Grosse gesellschaftliche Bedeutung

Ende des 18. Jahrhunderts wurden in der Schweiz die ersten zivilen Blasmusikvereinigungen gegründet und sie waren im 19. und 20. Jahrhundert von grosser gesellschaftlicher Bedeutung, weil sie für viele die einzige Möglichkeit waren, ein Instrument zu erlernen und sich das Notenlesen anzueignen. Die Instrumente wurden den Mitgliedern oft von privaten Gönnern zur Verfügung gestellt. Diese Bildungsfunktion verloren die Musikvereine erst mit dem Aufkommen der Jugendmusikschulen in den 1970er und 80er Jahren.

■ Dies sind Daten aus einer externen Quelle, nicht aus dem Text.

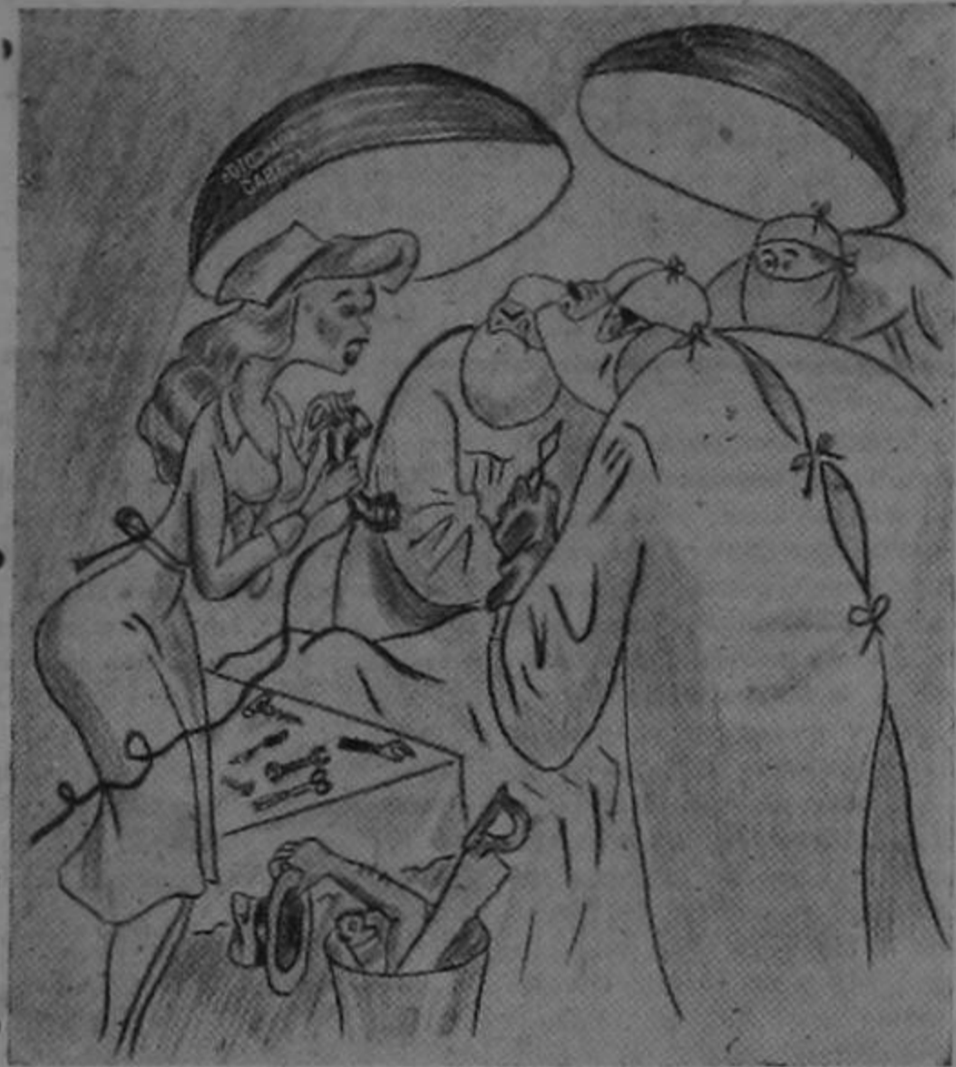
De "Pobre Diablo"

Abgesehen von wenigen Märschen, Liedern, Tänzen und Chorälen fehlte im 19. Jahrhundert ein eigenständiges Blasmusikrepertoire, so dass leistungsfähige Blasmusikvereine vornehmlich Bearbeitungen von Orchesterwerken, Opern- und Operettenthemen spielten. Vor dem Zeitalter von Grammophon und Radio verbreiteten v.a. die Blasmusikvereine bei Platz- und Promenadenkonzerten diese Melodien aus Oper und Operette. Erst nach 1900 entstanden Originalkompositionen für Amateurblasmusiken.

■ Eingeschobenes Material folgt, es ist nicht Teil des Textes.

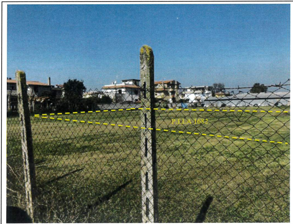
FOTO N.1_ P.LLA 1682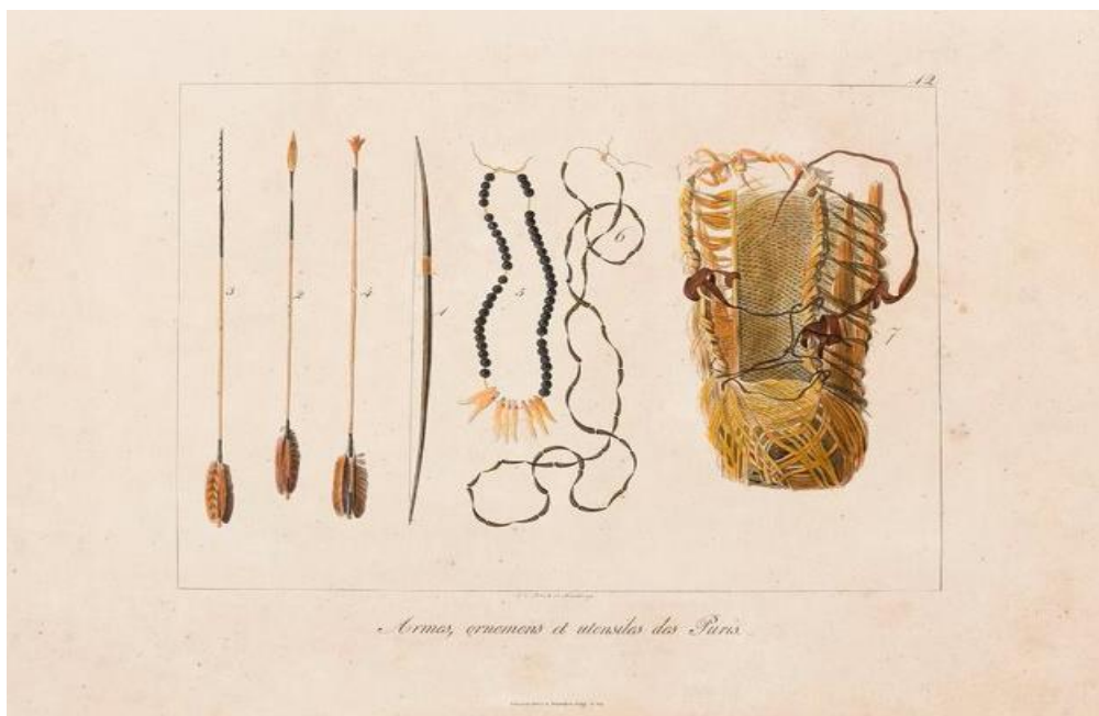
Imagem 8: “Armes, ornemens et utensiles Puri” - Maximilian Von Wied – 1822

Os cestos usados para coletar alimentos e transportar frutas, utensílio e também crianças, eram feitos das fibras vegetais da embaúba e de folhas de palmeiras, sendo resistentes pois percorriam muitas vezes longos caminhos na coleta de alimentos. Esses cestos eram presos à testa ou à cabeça por uma alça.

Bedeutung hatten die Musikvereine auch durch ihre Repräsentationsfunktion. Grössere Anlässe wie Dorffeste und Umzüge wurden und werden teils heute noch stets von Musikvereinen musikalisch umrahmt. Dies führte dazu, dass verschiedene politische Gruppierungen ihre eigenen Blasmusiken gründeten. So gab es in vielen Dörfern zwei Blasmusiken, eine katholisch-konservative und eine liberale. In Industriegebieten entstanden ab der Wende zum 20. Jahrhundert auch Arbeiter-Blasmusiken, die an den Manifestationen der Arbeiter- und Gewerkschaftsbewegung, etwa dem 1. Mai, auftraten.

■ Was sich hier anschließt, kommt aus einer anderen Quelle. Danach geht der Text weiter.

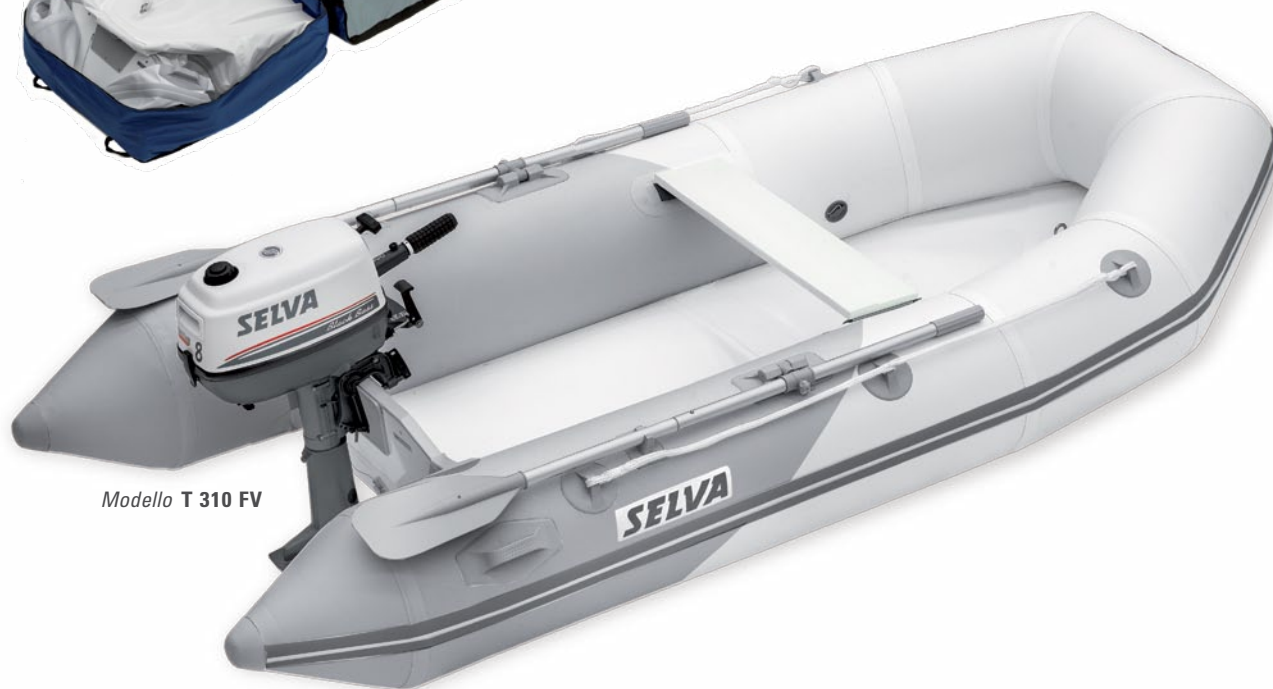
Modello T 310 FV

Bei den Blasmusikvereinen existieren heute vier verschiedene Besetzungstypen:

  • Die Harmoniemusik, die mit Blech- (u.a. Trompete, Horn) und Holzblasinstrumenten (u.a. Flöte, Klarinette, Oboe) sowie Schlaginstrumenten besetzt ist,
  • die Blechbesetzung (Fanfare), die eher ortsgebundenen Möglichkeiten als einer allgemeinen Besetzungsnorm angepasst ist (u.a. Flügelhörner, Trompeten und Schlagwerk),
  • die Metallharmonie (Fanfare mixte), die neben Blechblasinstrumenten aus Saxophonen und gelegentlich Flöten, Klarinetten und Schlagwerk besteht, sowie
  • die Brass Band mit einer standardisierten Blechbesetzung nach englischem Vorbild (u.a. Kornette, Hörner und Schlagwerk).

 

Schweizer Blasmusikverband SBV

Die Schweizer Blasmusiken sind in Verbänden zusammengeschlossen. Sektionen (Vereine) bilden. Kantonalverbände. In grösseren Kantonen existieren auch Regionalverbände und in einzelnen Kantonen Jugendmusikverbände. Der Dachverband ist der 1862 gegründete Schweizer Blasmusikverband SBV (ursprünglich Eidg. Blechmusikgesellschaft, ab 1905 Eidg. Musikverein, seit 1989 unter heutigem Namen). Der Schweizer Blasmusikverband umfasst heute über 2'200 Vereine mit rund 90'000 Aktivmitgliedern.